### EXERCISE OBJECTIVE
Where an image appears in the data, omit it and reproduce the rest exactly.

### Records from a data source
########################################
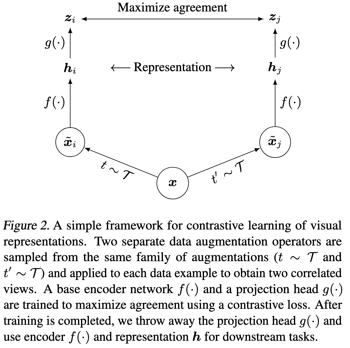 모델은 정말 간단하다. 구현의 간소화를 위해 encoder $f(·)$는 ResNet을 활용했다. 우리는 방금 한 말을 $h_i=f(\tilde{x}_i)=ResNet(\tilde{x}_i)$로 간단히 표현할 수 있는데, 이때 $h_i \in \mathbb{R}^d$는 avg pooling layer 이후의 출력이다. fig2를 보면 Projection head $g(·)$를 볼 수 있는데 이는 그냥 간단한 MLP다 이를 통해 우리는 $z_i$를 얻을 수 있고 $z_i=g(f(\tilde{x}_i))=W^{(2)}\sigma(W^{(1)}h_i)$로 표현할 수 있다. 여기서 sigma는 ReLU를 의미한다.
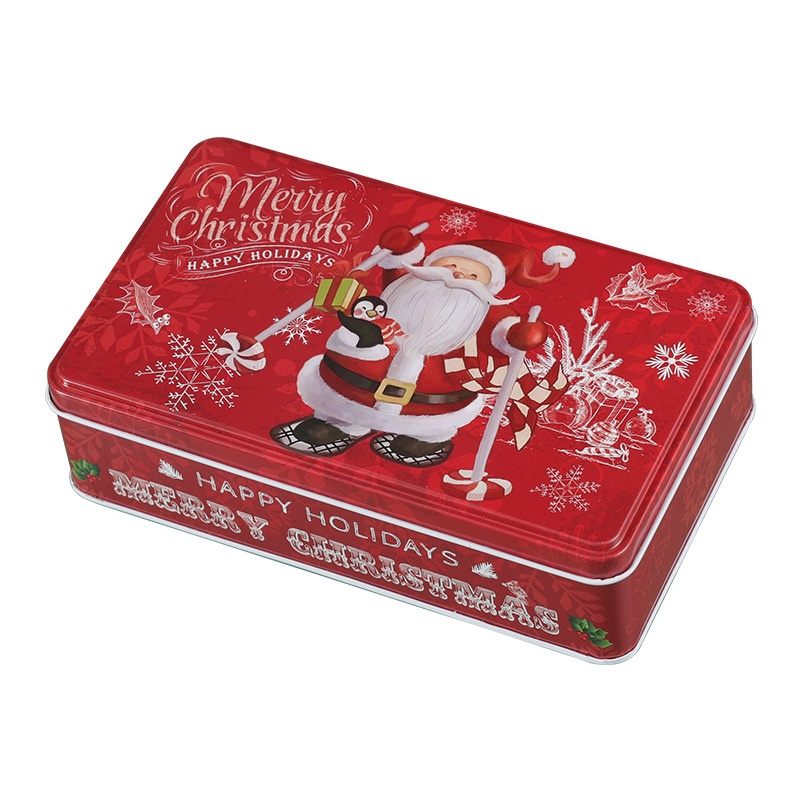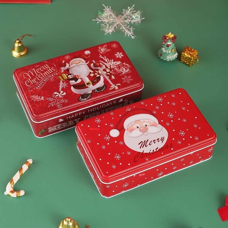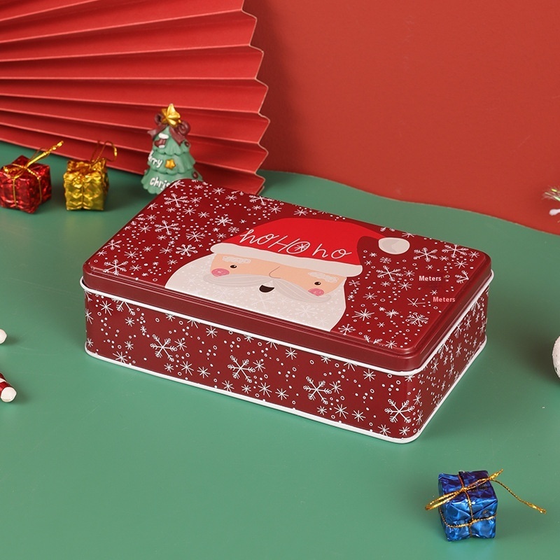 Christmas Rectangular Santa Claus Candy Box Tinplate Biscuit Chocolate Gift Packaging Tin Box Storage
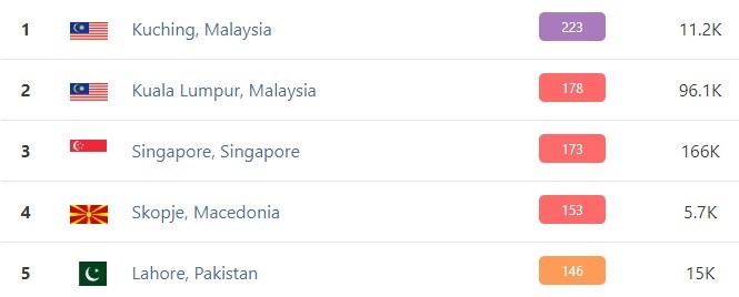 Пред него се само Сингапур, Куала Лумпур и Кучинг во Малезија.
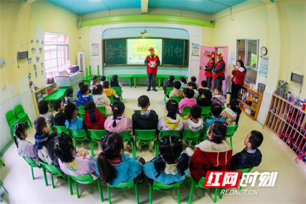 “电小松”志愿作事队队员正在为双牌县工业园区幼儿园小一又友上安全用电课。
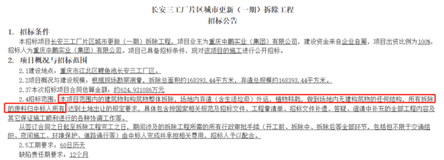 2022年2月23日,重慶中鵬實(shí)業(yè)(集團(tuán))有限公司發(fā)布了長(zhǎng)安三工廠片區(qū)城市更新(一期)拆除工程的招標(biāo)公告。招標(biāo)公告稱,拆除總面積約168393.44平方米,棄渣總規(guī)模約168393.44平方米,合同金額約為約624.931086萬(wàn)元。
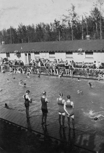 Keywords: alberta summer swimming pool blackandwhite monochrome outdoor black and white ca. 1915, A6677. ca. 1915, A6677.
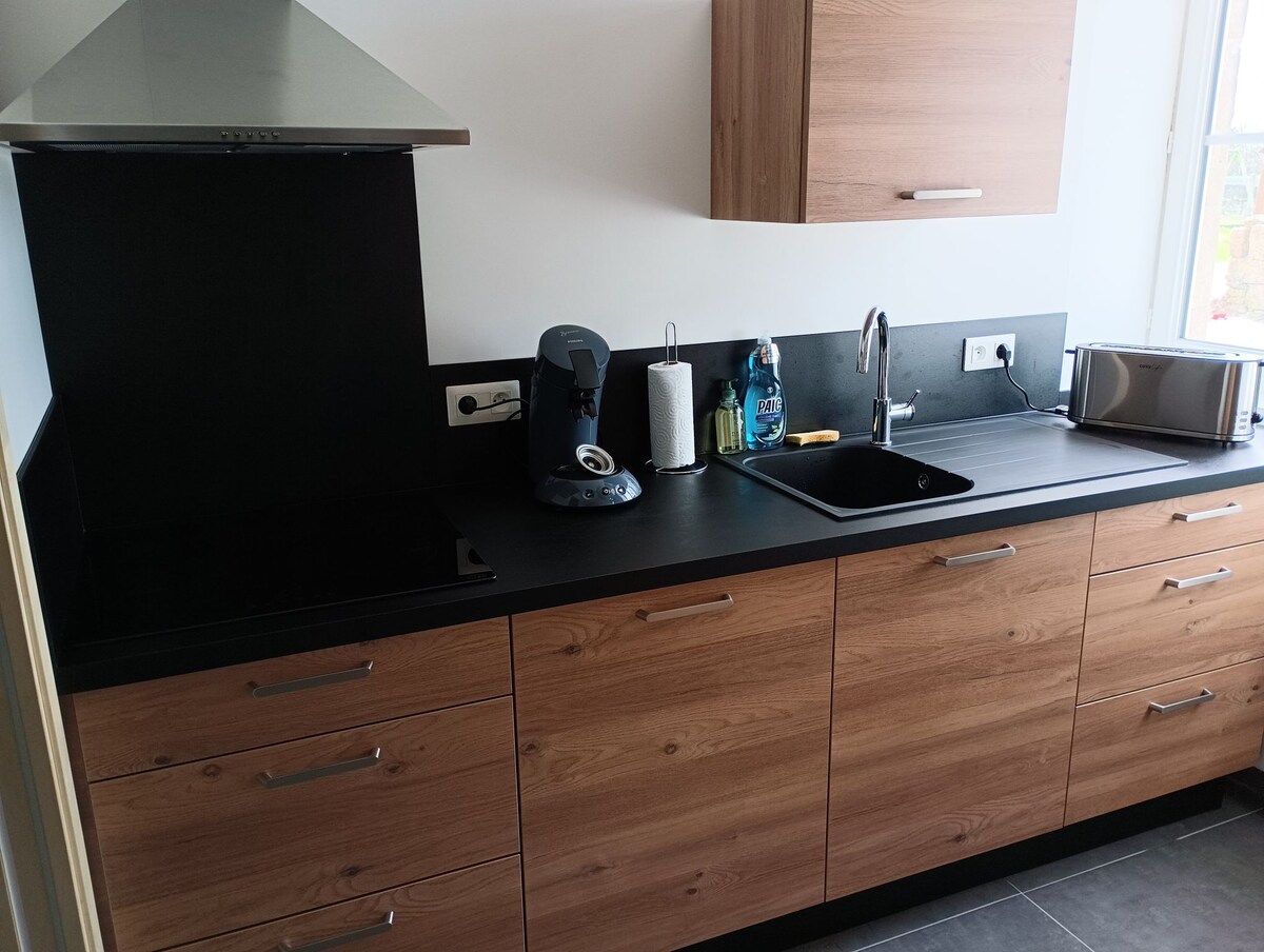 Located in the heart of Normandy, 15 minutes from the sea and all the D-Day festivities, come and relax as a couple in our post-war reconstruction chalet, fully renovated in 2025. If you want to relax by the fire, play a game of pool, enjoy a little spa time or watch a good film on the big screen, you've come to the right place! Our animal friends are welcome, they will have a private and enclosed garden. Free bottle of sparkling wine! Bread machine right next door.
########################################
### ANSWER FOR THE TASK
 모델은 정말 간단하다. 구현의 간소화를 위해 encoder $f(·)$는 ResNet을 활용했다. 우리는 방금 한 말을 $h_i=f(\tilde{x}_i)=ResNet(\tilde{x}_i)$로 간단히 표현할 수 있는데, 이때 $h_i \in \mathbb{R}^d$는 avg pooling layer 이후의 출력이다. fig2를 보면 Projection head $g(·)$를 볼 수 있는데 이는 그냥 간단한 MLP다 이를 통해 우리는 $z_i$를 얻을 수 있고 $z_i=g(f(\tilde{x}_i))=W^{(2)}\sigma(W^{(1)}h_i)$로 표현할 수 있다. 여기서 sigma는 ReLU를 의미한다.
 Christmas Rectangular Santa Claus Candy Box Tinplate Biscuit Chocolate Gift Packaging Tin Box Storage
 Пред него се само Сингапур, Куала Лумпур и Кучинг во Малезија.
 “电小松”志愿作事队队员正在为双牌县工业园区幼儿园小一又友上安全用电课。
 2022年2月23日,重慶中鵬實(shí)業(yè)(集團(tuán))有限公司發(fā)布了長(zhǎng)安三工廠片區(qū)城市更新(一期)拆除工程的招標(biāo)公告。招標(biāo)公告稱,拆除總面積約168393.44平方米,棄渣總規(guī)模約168393.44平方米,合同金額約為約624.931086萬(wàn)元。
 Keywords: alberta summer swimming pool blackandwhite monochrome outdoor black and white ca. 1915, A6677. ca. 1915, A6677.
 Located in the heart of Normandy, 15 minutes from the sea and all the D-Day festivities, come and relax as a couple in our post-war reconstruction chalet, fully renovated in 2025. If you want to relax by the fire, play a game of pool, enjoy a little spa time or watch a good film on the big screen, you've come to the right place! Our animal friends are welcome, they will have a private and enclosed garden. Free bottle of sparkling wine! Bread machine right next door.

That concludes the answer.